American “Legal Fictions” for 2007

By: Law is Cool · December 31, 2007 · Filed Under Civil Rights, Humour, International Law · 4 Comments 

Slate magazine is offering the Bush Administration’s Top 10 “Dumbest Legal Arguements of the Year.” In 2006, they presented the Top 10 “Most Outrageous Civil Liberties Violations.”

Here is this year’s list in brief (see the article for details):

10. The NSA’s eavesdropping was limited in scope.

9. Scooter Libby’s sentence was commuted because it was excessive.

8. The vice president’s office is not a part of the executive branch.

7. The Guantanamo Bay detainees enjoy more legal rights than any prisoners of war in history.

6. Water-boarding may not be torture.

5. Everyone who has ever spoken to the president about anything is barred from congressional testimony by executive privilege.

4. Nine U.S. attorneys were fired by nobody, but for good reason.

3. Alberto Gonzales.

2. State secrets.

1. The United States does not torture.

Comments

4 Responses to “American “Legal Fictions” for 2007”

  1. JonathanW on January 2nd, 2008 12:02 pm

    “7. The Guantanamo Bay detainees enjoy more legal rights than any prisoners of war in history.”

    This is true. All of the ununiformed combatants captured on the battlefield could have (and in my opinion should have) been shot under the Geneva Conventions.

  2. lawiscool on January 2nd, 2008 3:29 pm

    Hi Jonathan,

    We would be interested to hear how such actions would be justifiable under the Geneva Conventions, especially considering the flexibility afforded to cultural interpretations of identifying uniforms, i.e. black turbans, as well as situations accounting for intel and special forces that obviously wear irregular costume.

    And then would like a follow-up on how it could be ethicially justified.

    Thank you.

  3. J.M. Heinrichs on January 4th, 2008 2:15 am

    The applicable info is here: http://www.forces.gc.ca/jag/training/publications/loac_man_e.asp

    Special Forces wearing irregular costumes qualify as executable under the GCs. Your mention of “intelligence” is without substance. The ethical justification question is meaningless: any such execution would be legal.

    If you are serious about the subject: http://www.yale.edu/lawweb/avalon/lawofwar/lawwar.htm

    Cheers

  4. lawiscool on January 4th, 2008 8:56 am

    Genuinely interesting.
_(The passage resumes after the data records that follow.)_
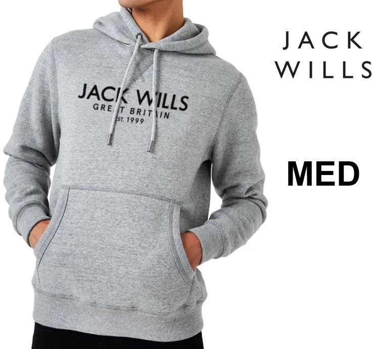 men's jack wills pull over string hoodie - medium - grey (Style: 1912838)
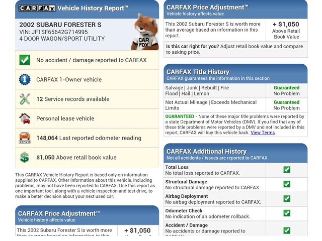 2002 SUBARU FORESTER S AWD ONE OWNER 80+PHOTOS SEE DESCRIPTION WOW MUST SEE!!
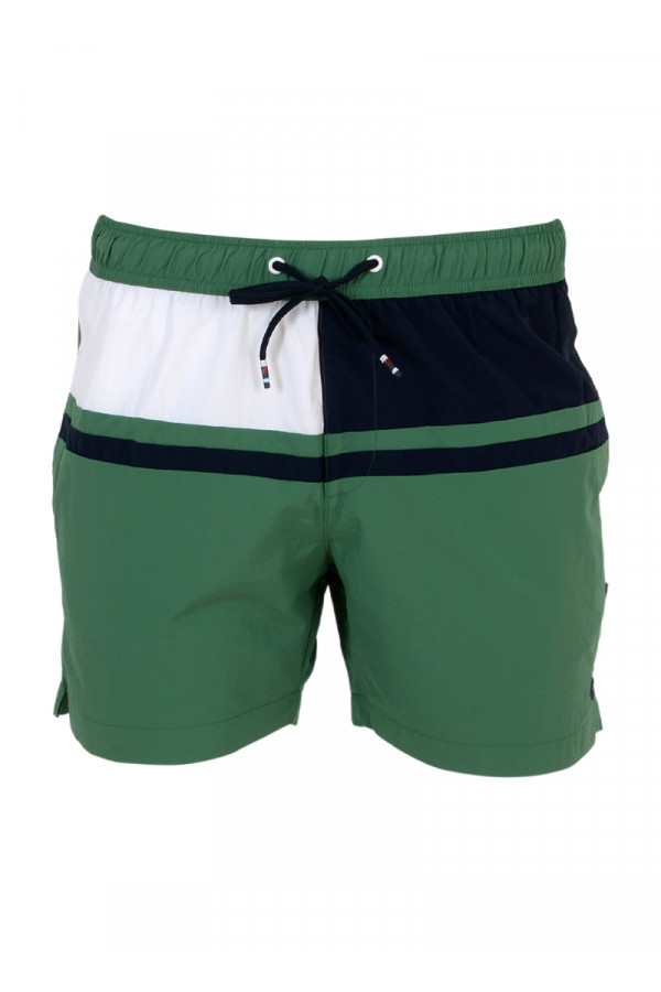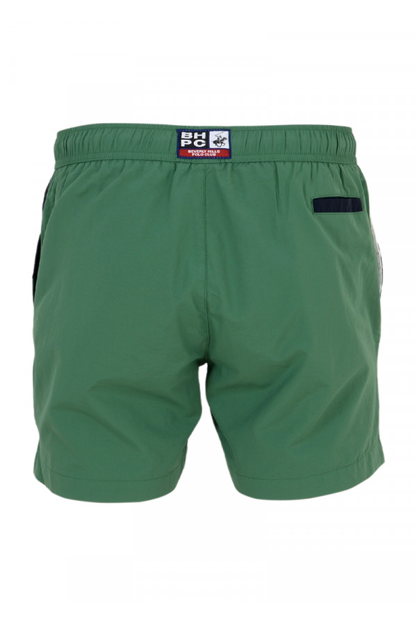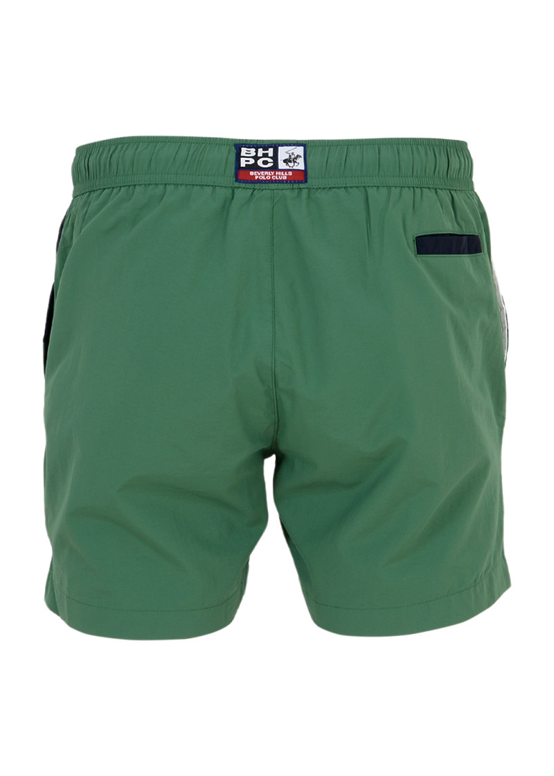 Opis: Muški šports za kupanje u zelenoj boji sa džepom i logo aplikacijom
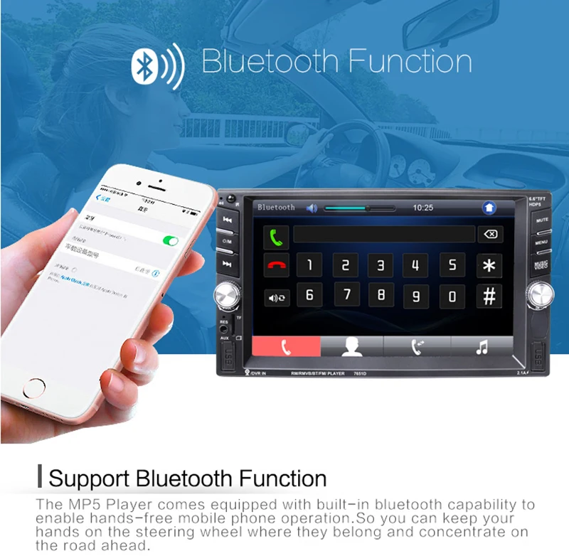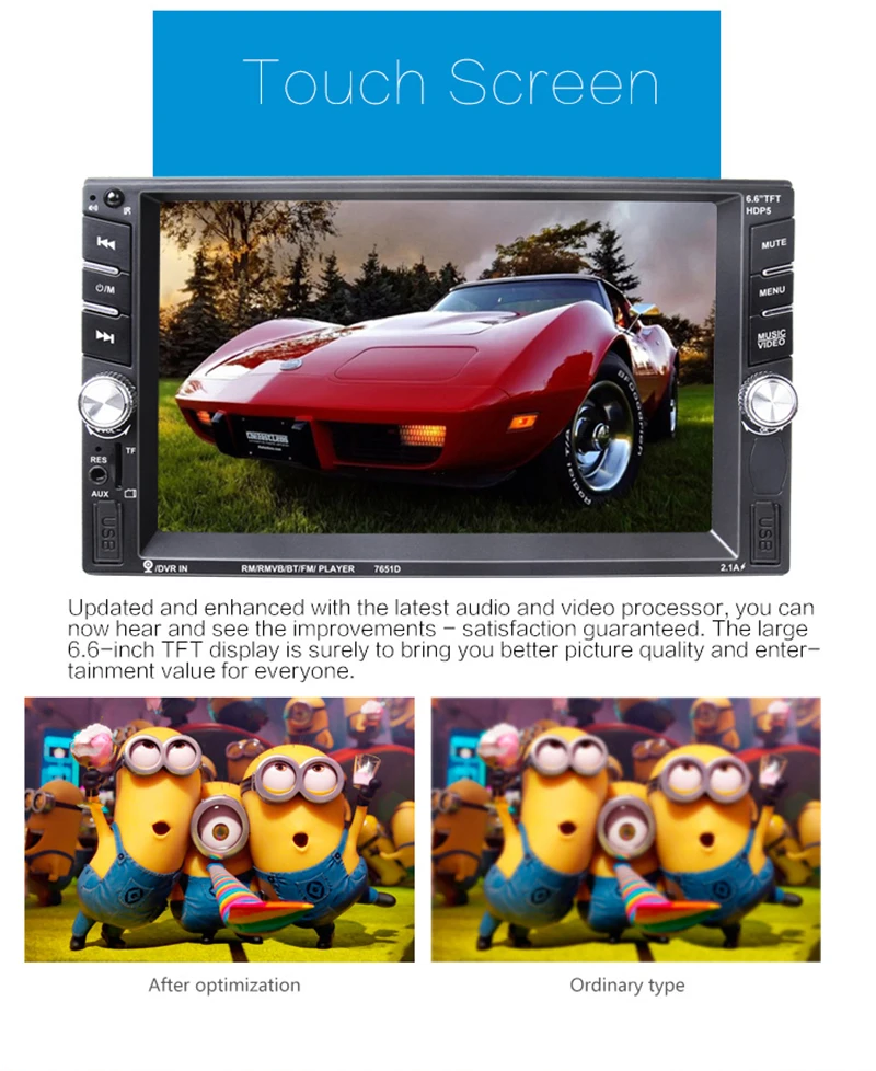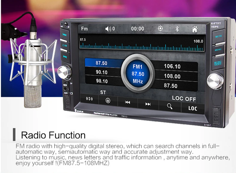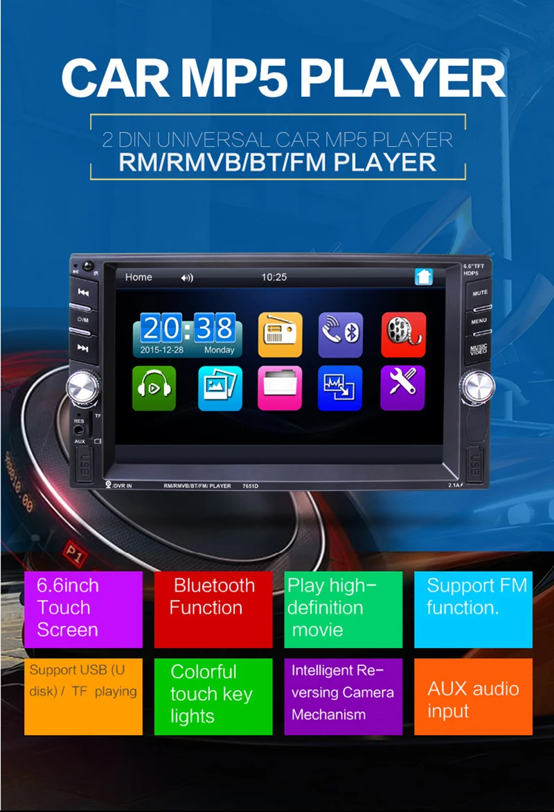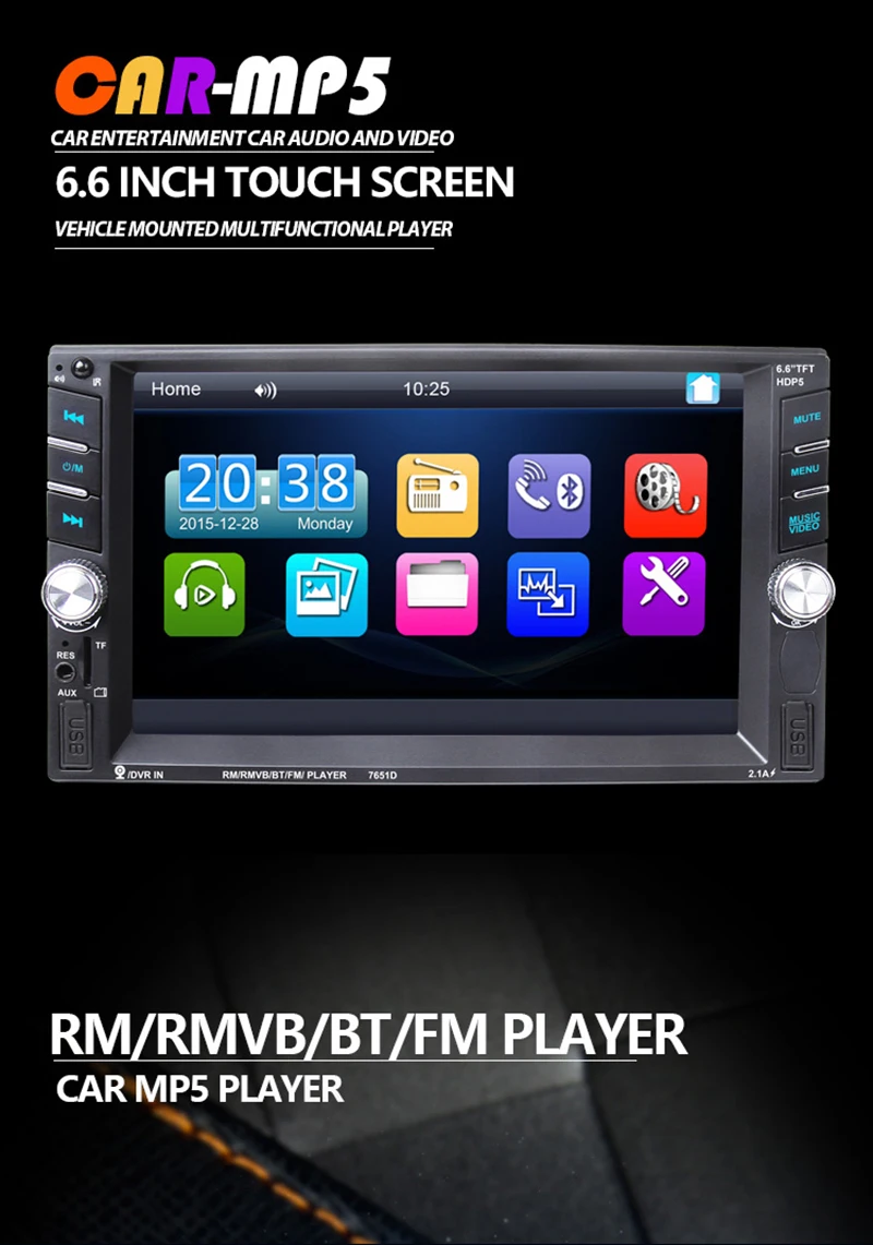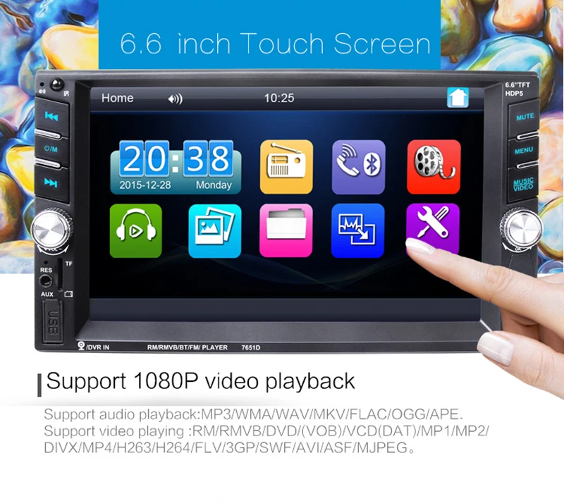 - 6.6inch 2 din HD car radio MP5 player with digital touch screen.
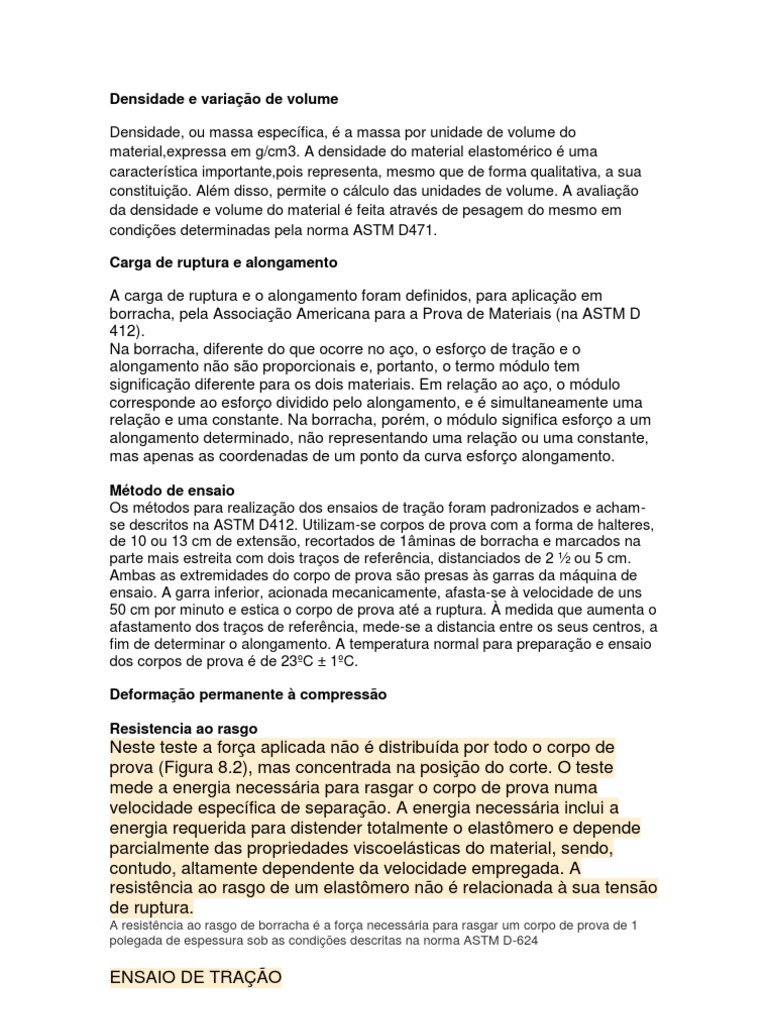 . A densidade do material elastomrico uma caracterstica importante,pois representa, mesmo que de forma qualitativa, a sua constituio. Alm disso, permite o clculo das unidades de volume. A avaliao da densidade e volume do material feita atravs de pesagem do mesmo em condies determinadas pela norma ASTM D471. Carga de ruptura e alongamento

We do welcome alternative perspectives, and the Bush administration’s justification of these practices still baffle the entire legal community: “The argument that Guantanamo prisoners have greater rights than they would otherwise be afforded relies on deep distortions of both fact and law.”

    The Supreme Court decided in Hamdan v. Rumsfeld that that GC and the Uniform Code of Military Justice do apply, and that commissions were a violation of Federal law:
    “…if there be “any doubt” whether he is entitled to prisoner-of-war protections, he must be afforded those protections until his status is determined by a “competent tribunal.” . Because we hold that Hamdan may not, in any event, be tried by the military commission the President has convened pursuant to the November 13th Order and Commission Order No. 1, the question whether his potential status as a prisoner of war independently renders illegal his trial by military commission may be reserved.”

    Also, under Article 5 coercions are not allowed under GC as they are in the commissions.

    So to suggest that they are afforded more rights does seem a gross mischaracterization.